Internal champions are well-equipped to navigate these challenges. In addition to their familiarity with the organization, they can help establish credibility for the cause. (See examples here and here). For example, a water district manager in California, through personal endorsement and advocacy, helped bring partners together to engage in the California Data Collaborative, a state-wide system among multiple districts to monitor water supply and demand.

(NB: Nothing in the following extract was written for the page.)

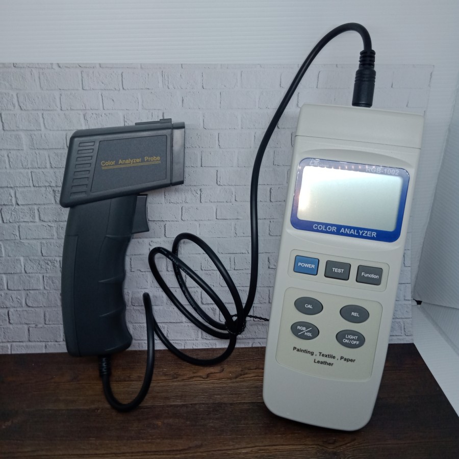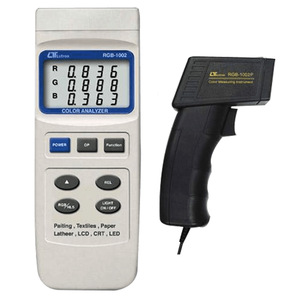 Alat Ukur Kualitas Warna Lutron RGB-1002 digunakan pada sampel bahan tekstil, kertas, kulit, bahan lukisan. Selain digunakan mengontrol kualitas sampel bahan tekstil, kertas, alat ini juga dapat mengukur nilai warna sampel pencahayaan pada monitor LCD, lampu LED, lampu penerangan, dll. Color Analyzer Lutron RGB-1002 sangat mudah dioperasikan.

Strike while the iron is hot. Aligning new initiatives with external factors can contribute to their success. New laws or policies can create the right preconditions for data-sharing and incentivize partners to work together. For example, in Hong Kong, a government policy change towards intermodality in transportation encouraged partners who were previously reluctant to share data for commercial reasons to come together to create a Data Trust to share transport data.
Use frameworks to encourage transparency and trust. Some partnerships adopt legal or other frameworks to govern the sharing, processing, storage and handling of data. This can help build trust as it defines the expected behavior of each partner, and substantially reduces the risk of misunderstanding.
For example, a contract details every aspect of the data-sharing process, with clearly outlined responsibilities for each of the involved parties. It delineates the permissible uses and access restriction of the data and clarifies ownership of the data goods produced from sharing. This structure aims to bring transparency to the functioning of the initiative and lets partners know how their data will be handled. More detailed data-sharing agreements are needed when commercially valuable or sensitive data is involved.
Most data partnerships walk a fine line between control and flexibility within the operations of the initiative, often influenced by the nature of data shared, the purpose of data-sharing, and prior engagement between partners. Trust, though, is a precondition for any data sharing partnership—regardless of the initiative’s objectives, context, or stakeholders. Working intentionally to foster trust can be the difference between a successful partnership and one that fails. I hope this research inspires conversations within data sharing partnerships about ways to establish trust that open the door for more data sharing for public good.